Perché la Germania agisce così? Per egoismo? Diffidate delle risposte basate su categorie psicologiche. In realtà la Germania sa che nel “Mondo Nuovo” che ci attende
(quello vero, non quello che ci raccontano le favole di Ferrara, Draghi, ecc.) non c’è poso per i deboli. O meglio, ai deboli, come l’Italia, spetta solo un ruolo
nel girone infernale delle economie subalterne. E le riforme” che il governo tecnico e quelli precedenti hanno fatto e faranno sono funzionali a ricollocare
l’Italia nel nuovo ordine internazionale. D’altra parte quale altra fine può attenderci se a distanza di sessanta anni dal boom economico che ha segnato
l’ingresso del nostro paese nelle economie industriali, il nostro vantaggio competitivo continua ad essere il lavoro a basso costo, mentre oggi nel mondo
l’offerta di lavoro a “buon mercato” è esorbitante?
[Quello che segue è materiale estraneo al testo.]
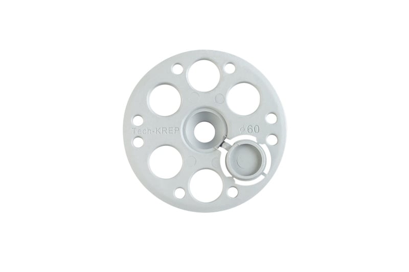 Крепежная система состоит из распорного дюбеля диаметром 10 мм с удерживающим диском диаметром 60мм.
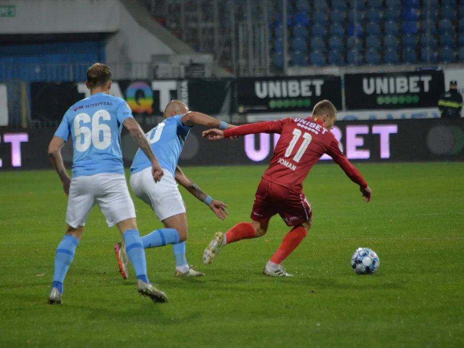 Mihai Roman si Gabriel Sebastian Tamas in meciul de fotbal dintre FC Botosani si FC Voluntari, contand pentru Liga 1 Casa Pariurilor, desfasurat pe Stadionul Municipal din Botosani, duminica 28 noiembrie 2021. © FOTO:Ionut Tabultoc/SPORT PICTURES

Le riforme della Fornero non sono altro che il modo attraverso il quale l’Italia si adatta a diventare un’area
low cost, sia per il lavoro che per i consumi.
Tranne i migliori asset nazionali, che verranno acquistati da capitale straniero, il resto del sistema produttivo si collocherà in una funzione di fornitura
di prodotti semilavorati a basso valore aggiunto e di infima qualità tecnologica. Ecco perché i cervelli che formiamo a carico dell’erario pubblico “non servono”
e li trattiamo così male, inducendoli ad andarsene dall’Italia.
3. I fenomeni sopra descritti non vanno visti però come se fossero separati: la ridistribuzione della ricchezza a vantaggio delle classi dominanti all’interno dei singoli paesi, si congiunge coerentemente con la ridefinizione delle gerarchie internazionali. Per spiegare questo fenomeno non riuscirei a trovare parole più adatte di quelle che usa Alfredo Reichlin sull’Unità di giovedì 19 aprile. Gli lascio quindi volentieri la parola: “il fenomeno a cui stiamo assistendo è l’aumento, nei paesi ricchi, di una grande povertà e, nei paesi poveri, di un forte sviluppo insieme a una miseria assoluta. Il tutto con crescenti disparità nel campo della conoscenza. Sembra di assistere all’avvento non di una nuova democrazia, ma di un’aristocrazia planetaria del sapere, del potere, della ricchezza, a fronte di una massa di semplici consumatori, e più in basso ancora, di esclusi sia dal potere che dai consumi. I nuovi schiavi.”